A report said three local authorities have deficits which account for more than 9pc of their annual revenues - they are Sligo, which had a deficit of €12.7m at the end of 2013, representing almost 40pc of its revenue; Donegal (€17.8m, or 13.6pc) and Offaly (€5m, or 9.3pc).

The NOAC was established in July 2014 and is charged with scrutinising the performance of local authorities and helping to develop best practice.

It has published four reports - on the financial performance of local authorities between 2013-2105; another on rates collection between 2013-2014, on shared services projects in the councils and a fourth on reforms highlighted under the Local Government Efficiency Review.

The reports set out progress achieved to date and a range of issues which require urgent action. They find:

• Nineteen of the 31 local authorities are running deficits.
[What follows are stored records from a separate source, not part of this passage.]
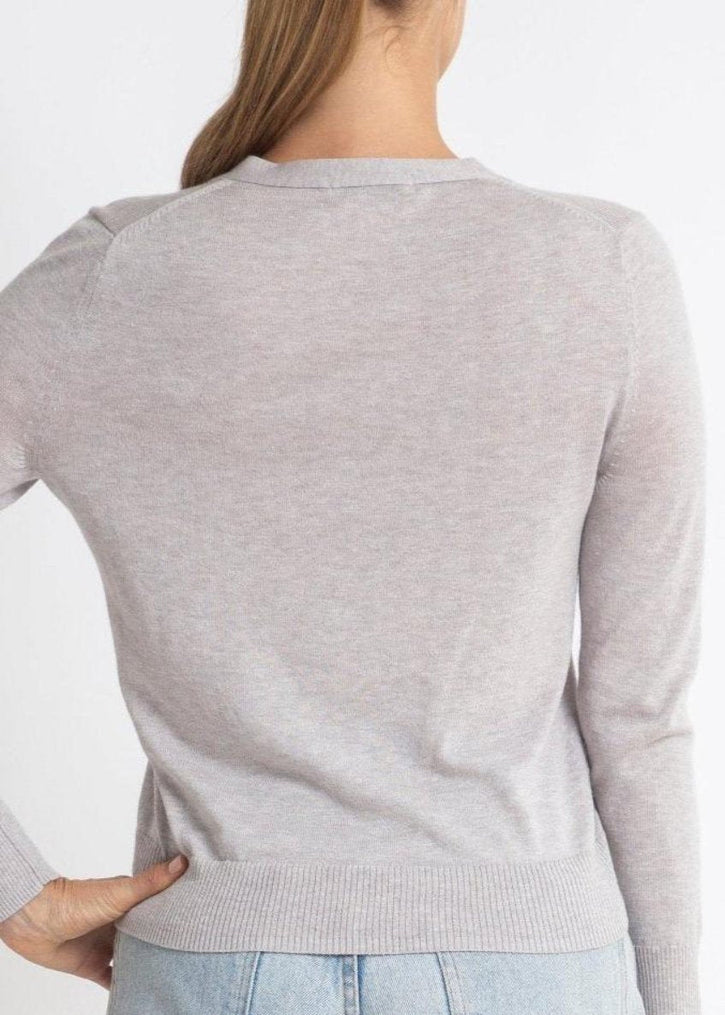 Cotton + Cashmere Superfine V Cardigan in Silver Marle
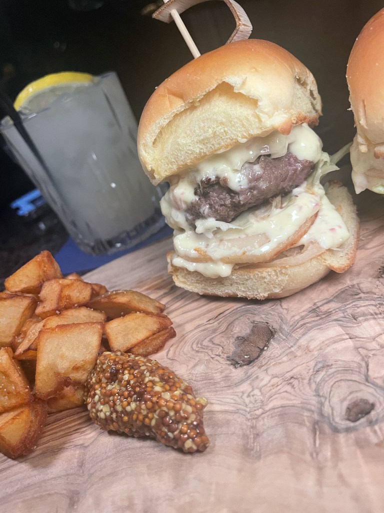 - 401 Wagyu Sliders with housemade wagyu patties, zesty garlic mayo, lotus chip and served with fried potatoes.
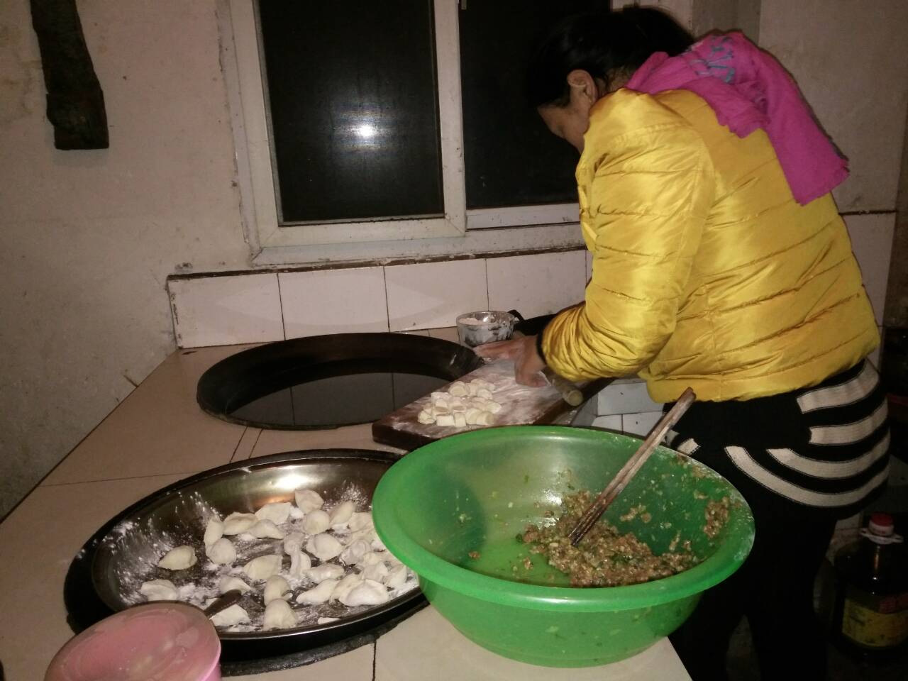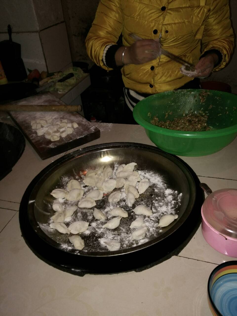 首先,做饺子馅。先把瘦肉都剁成沫,再把韭菜和豆腐也切成小块,把韭菜和豆腐一起混入肉末里,放了适量的盐、酱油、味精,然后搅拌均匀就做成了饺子馅。一切准备就绪,接下来可以包饺子了。妈妈左手拿着饺子皮,右手蘸了一下水,沿着饺子皮的边缘擦了半圈,然后手拿着筷子,把饺子馅夹一点到饺子皮里,再用手稍微捏了几下,一个像模像样的饺子就做成了.饺子形状十分好看,让人看了就垂涎欲滴。我也学着妈妈的样子,做了起来,可是我折腾了很长时间,也没做出个像样的饺子,妈妈忍不住哈哈大笑起来,但我毫不灰心,又拿起饺子皮,按照刚才的步骤,更加认真的做起来,一遍又一遍,渐渐地成形了,我妈妈看着我的杰作,也不停地夸我:"有进步,加油!"

This is due to poor collection of local authority charges, retirement payments to departing staff, loss of income from planning and other fees, increased demand for services and cuts in government funding.

• Auditors have warned that the deficits are a "very serious matter" to be addressed, but in some cases they will not be cleared until 2020, assuming there is no downturn in the economy.

• Commercial rates account for 32pc of local authority income, but collection rates are falling even in councils most in need of money including Donegal, Mayo and Leitrim, all of which are operating at a loss.

• At the end of 2014, a total of €394m was outstanding but there was a reduction in arrears of €56m in 2015, leaving an accumulated shortfall of €338m.

The report added that a review of debt management practice has put in place a series of recommendations to improve collection rates, but added that the country's local authorities have identified a range of problematic issues.

They include limited collection powers, no ability to charge interest and penalties, "frequent changes of company identity", no priority in the courts, adding that when a court order is obtained, "there are usually no goods to seize".

The report says that while there has been some improvement in performance, 11 local authorities examined had "poor collection performance" and faced challenges in improving collection rates.

The NOAC said that local government had achieved a number of successes, and that it wanted to ensure a "drive for efficiency" was embedded in the day-to-day work of councils.

It added there was "variable performance" across some areas which needed to be improved.